If you include some situations where None is implicitly returned, the problem becomes very complex. It will be much simpler if you only capture all explicitly returned values to check if they are Liteval, leaving the rest to the user.

def add(a: int, b: int):
    if a > b:
        raise ValueError("a should be less than b")
    if a == 1:
        return 1
    if b == 2:
        return "2"
    # return a + b

For example, it might return None, but you cannot easily complete this check just by getting the return value; more complex validation is required.

gbaian10 commented 2 weeks ago
import ast
import inspect
from collections.abc import Callable
from typing import Any

def is_literal_return(func: Callable) -> bool:
    """
    Check if the function only returns constant values.

    Args:
        func (Callable): The function to analyze.

    Returns:
        bool: True if all return statements are constant values, False otherwise.
    """
    source = inspect.getsource(func)
    tree = ast.parse(source)
    return all(
        isinstance(node.value, ast.Constant)
        for node in ast.walk(tree)
        if isinstance(node, ast.Return)
    )

def has_explicit_return(func: Callable) -> bool:
    """
    Check if all code paths in the function have an explicit return statement.

    Args:
        func (Callable): The function to analyze.

    Returns:
        bool: True if all paths have explicit return statements, False otherwise.
    """
    source = inspect.getsource(func)
    tree = ast.parse(source)
    function_defs = [
        node for node in ast.walk(tree) if isinstance(node, ast.FunctionDef)
    ]
    if not function_defs:
        return False
    return check_all_paths_return(function_defs[0].body)

def check_all_paths_return(statements: list) -> bool:
    """
    Recursively check if all paths in the given statements have a return statement.

    Args:
        statements (list): A list of AST nodes representing statements.

    Returns:
        bool: True if all paths have return statements, False otherwise.
    """
    has_return = False
    for stmt in statements:
        if isinstance(stmt, ast.Return | ast.Raise):
            has_return = True
        elif isinstance(stmt, ast.If):
            has_return = check_all_paths_return(stmt.body) and check_all_paths_return(
                stmt.orelse
            )
        elif isinstance(stmt, ast.While | ast.For):
            continue
    return has_return

def analyze_function(func: Callable) -> set[Any] | None:
    """
    Analyze the function to determine if it returns a set of constant values.

    Args:
        func (Callable): The function to analyze.

    Returns:
        Optional[Set[Any]]: A set of constant values if the function meets the criteria, None otherwise.
    """
    if not is_literal_return(func) or not has_explicit_return(func):
        return None
    source = inspect.getsource(func)
    tree = ast.parse(source)
    return {node.value.value for node in ast.walk(tree) if isinstance(node, ast.Return)}

# Test examples
def example_func() -> int:
    if True:
        return 42
    return 42

def add(a: int, b: int):
    if a > b:
        raise ValueError("a should be less than b")
    if a == 1:
        return 1
    if b == 2:
        return "2"
    # return a + b

def ok():
    return "ok"

def no_ok():
    while 1 + 1 == 3:
        return 1

def one():
    return 1

# Usage examples
print(analyze_function(example_func))  # {42}
print(analyze_function(add))  # None
print(analyze_function(ok))  # {'ok'}
print(analyze_function(no_ok))  # None
print(analyze_function(one))  # {1}

I used an LLM to generate this code and I'm not sure if it covers all scenarios. Since I rarely use AST, I haven't fully reviewed its logic to ensure it's correct.

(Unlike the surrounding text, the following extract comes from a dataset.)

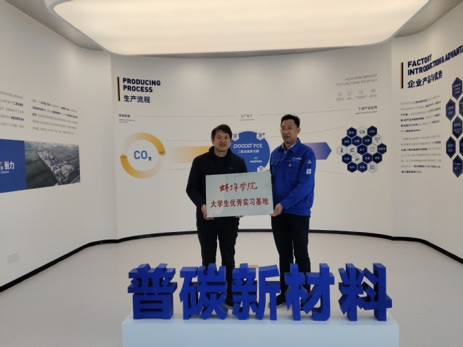 随后,朱银邦一行前往安徽普碳新材料科技有限公司,在企业负责人的引导下,先后参观了普碳科技展示中心和中控现场等区域,对公司发展概况、企业产品和生产流程有了直观的了解。活动现场,学院与企业顺利签署就业实习基地协议,同步挂牌“2026世界杯官网大学生优秀实习基地”,标志着双方在学生实习实训、就业推荐、技能培养等方面的合作迈入新阶段。

I expect the following order of rules:

  1. If path_map is included, use the path provided by path_map as a priority.
  2. If path_map is not included, read the return type hint of the path function.
  3. If neither is included, execute AST to check if the return value always returns a Liteval result in all possible cases. If so, use the set or list of that Liteval result.
  4. If it returns None, or if AST checking is disabled, issue a warning indicating that this point will lead to all points.

Three and four are new, but three would be a breaking change, so it's not suitable for a minor release unless the default is set to False.